Many scholars agree that foreign aid given to developing countries is ineffective and in many ways counterproductive. This is due to the way in which foreign aid transforms incentives for productivity in a particular developing society, and the way in which foreign aid has a tendency to undermine the government responsible for its allocation and distribution.
Cultural barriers to development such as discrimination based on gender, race, religion, or sexual orientation are challenging to be addressed in certain oppressive societies, although recent advances have been significant in some societies.
While the above-mentioned barriers to economic growth and development are the most common in the least developed countries of the world, even the most developed economies are plagued by barriers to development such as drug bans and income inequality.
Help
MEDC (More Economically Developed Countries) can provide assistance to LEDCs (Emerging Developing Countries). There are several types of help:
- Government assistance (bilateral)
- International Organizations (multilateral) Assistance, e.g. World Bank
- Voluntary assistance from individuals, often mediated through NGOs
- Short-term/emergency assistance (humanitarian assistance)
- Long-term/continuous assistance
- Non-governmental organization (NGO) assistance
Assistance can be provided in several ways.

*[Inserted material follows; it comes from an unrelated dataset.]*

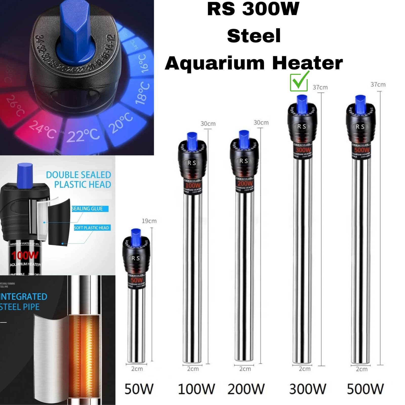 The RS 300W Steel Heater is the ultimate choice for large aquarium owners who need powerful, reliable, and long-lasting heating. Its stainless steel body ensures durability, while its stable heat output makes it ideal for delicate species and large community setups.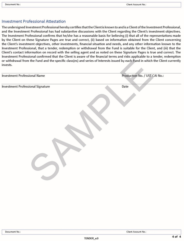 The Tender Offer Form generated for your account will need to be signed and returned to your FA in good order. Upon receiving signed documentation, your FA will submit the form for processing. Your FA must submit the form before 11:59 p.m., Eastern Time, on November 26, 2024. If you do not wish to have all or any portion of your Units repurchased, simply disregard this notice. NO ACTION IS REQUIRED IF YOU DO NOT WISH TO HAVE ANY OF YOUR UNITS REPURCHASED.

Through money, material, or a skilled and learned person (eg Teacher).
Help has advantages. Most short-term aid or emergency assistance helps people at LEDC to survive naturally (earthquakes, tsunamis, volcanic eruptions etc.) or humanitarian disasters (civil war etc.). Assistance helps make the recipient country (the country receiving aid) to be more developed.
However, aid also has its disadvantages. Often aid does not even reach the poorest people. Often money earned from aid is used to make infrastructure (bridges, roads etc.), which can only be used by rich people. Also, recipient countries are becoming more dependent on aid from donor countries (countries that provide assistance).
While the concept of aid above has become the most widespread in development geographic work, it is important to remember that the relief landscape is much more complex than one flow of direction from 'advanced' country to 'developing country'. Development geographers have been at the forefront of research aimed at understanding material exchange and discourse around 'South-South' development cooperation. The 'non-traditional' foreign aid from the Southern, Middle Eastern and post-Socialist countries (those outside the OECD Development Assistance Committee (DAC)) provides an alternative development discourse and approach to the Western mainstream model. Development geographers seek to examine the geopolitical drivers behind the "LEDC" aid donor program, as well as the discursively symbolic repertoire of non-DAC donor countries. Two illustrative examples of the complex relief landscape are China, which has been active as a donor of aid throughout the second half of the twentieth century but published the first report on the recent foreign aid policy in 2011 and India, often cited aid recipients. , but who has had donor programs to Nepal and Bhutan since the 1950s.
References
Note
- Allen J. Scott & amp; Gioacchino Garofoli (2007) Development on the Ground. Routledge, London.